##### Records provided

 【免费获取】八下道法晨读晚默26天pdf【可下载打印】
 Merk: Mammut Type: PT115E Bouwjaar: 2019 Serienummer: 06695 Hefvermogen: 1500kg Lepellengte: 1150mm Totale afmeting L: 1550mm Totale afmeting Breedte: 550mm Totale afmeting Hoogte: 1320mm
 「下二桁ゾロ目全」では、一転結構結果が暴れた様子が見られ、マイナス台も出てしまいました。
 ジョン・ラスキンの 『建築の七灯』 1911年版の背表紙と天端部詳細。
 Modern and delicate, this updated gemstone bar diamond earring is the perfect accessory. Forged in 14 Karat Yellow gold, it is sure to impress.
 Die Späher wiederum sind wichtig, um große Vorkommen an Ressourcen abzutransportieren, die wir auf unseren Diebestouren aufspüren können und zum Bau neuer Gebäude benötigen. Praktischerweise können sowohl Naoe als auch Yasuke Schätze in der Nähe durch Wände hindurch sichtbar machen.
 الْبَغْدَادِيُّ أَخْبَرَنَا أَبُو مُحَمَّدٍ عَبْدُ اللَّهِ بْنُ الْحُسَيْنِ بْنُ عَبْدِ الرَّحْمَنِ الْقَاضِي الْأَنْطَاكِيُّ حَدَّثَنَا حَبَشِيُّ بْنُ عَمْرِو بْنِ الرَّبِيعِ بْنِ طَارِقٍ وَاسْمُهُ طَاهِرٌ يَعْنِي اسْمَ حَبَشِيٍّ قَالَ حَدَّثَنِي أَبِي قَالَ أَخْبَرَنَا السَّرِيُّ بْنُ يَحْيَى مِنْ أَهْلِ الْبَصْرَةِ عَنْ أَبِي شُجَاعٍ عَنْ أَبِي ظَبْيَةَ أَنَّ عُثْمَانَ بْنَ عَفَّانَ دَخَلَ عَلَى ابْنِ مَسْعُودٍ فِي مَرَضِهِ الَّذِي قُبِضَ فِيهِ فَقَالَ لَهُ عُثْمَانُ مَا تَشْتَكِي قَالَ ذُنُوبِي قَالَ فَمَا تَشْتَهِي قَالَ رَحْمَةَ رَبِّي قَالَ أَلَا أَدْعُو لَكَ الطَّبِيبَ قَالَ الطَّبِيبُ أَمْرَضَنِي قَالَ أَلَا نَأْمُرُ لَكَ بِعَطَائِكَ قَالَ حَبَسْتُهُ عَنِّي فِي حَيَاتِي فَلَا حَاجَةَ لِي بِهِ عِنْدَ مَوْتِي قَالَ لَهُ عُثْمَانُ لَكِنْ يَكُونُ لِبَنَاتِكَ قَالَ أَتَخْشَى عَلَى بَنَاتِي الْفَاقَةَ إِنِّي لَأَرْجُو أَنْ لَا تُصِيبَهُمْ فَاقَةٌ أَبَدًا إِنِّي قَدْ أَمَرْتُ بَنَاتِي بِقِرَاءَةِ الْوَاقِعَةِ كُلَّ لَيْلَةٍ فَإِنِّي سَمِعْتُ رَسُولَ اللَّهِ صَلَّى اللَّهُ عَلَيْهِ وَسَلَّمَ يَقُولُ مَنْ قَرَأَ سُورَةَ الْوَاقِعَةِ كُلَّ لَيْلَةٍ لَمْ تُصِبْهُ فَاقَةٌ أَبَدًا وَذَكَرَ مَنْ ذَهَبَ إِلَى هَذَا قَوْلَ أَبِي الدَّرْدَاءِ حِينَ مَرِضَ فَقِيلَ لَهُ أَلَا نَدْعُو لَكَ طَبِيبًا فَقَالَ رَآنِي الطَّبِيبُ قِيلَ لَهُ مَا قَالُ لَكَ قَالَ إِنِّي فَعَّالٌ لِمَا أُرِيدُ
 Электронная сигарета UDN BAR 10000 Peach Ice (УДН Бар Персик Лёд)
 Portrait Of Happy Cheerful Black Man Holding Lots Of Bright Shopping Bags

##########

## Task:
Keep to the lines above, from the first one through the line where "Die Späher wiederum" appears, and copy them exactly.

## Answer to this problem:
 【免费获取】八下道法晨读晚默26天pdf【可下载打印】
 Merk: Mammut Type: PT115E Bouwjaar: 2019 Serienummer: 06695 Hefvermogen: 1500kg Lepellengte: 1150mm Totale afmeting L: 1550mm Totale afmeting Breedte: 550mm Totale afmeting Hoogte: 1320mm
 「下二桁ゾロ目全」では、一転結構結果が暴れた様子が見られ、マイナス台も出てしまいました。
 ジョン・ラスキンの 『建築の七灯』 1911年版の背表紙と天端部詳細。
 Modern and delicate, this updated gemstone bar diamond earring is the perfect accessory. Forged in 14 Karat Yellow gold, it is sure to impress.
 Die Späher wiederum sind wichtig, um große Vorkommen an Ressourcen abzutransportieren, die wir auf unseren Diebestouren aufspüren können und zum Bau neuer Gebäude benötigen. Praktischerweise können sowohl Naoe als auch Yasuke Schätze in der Nähe durch Wände hindurch sichtbar machen.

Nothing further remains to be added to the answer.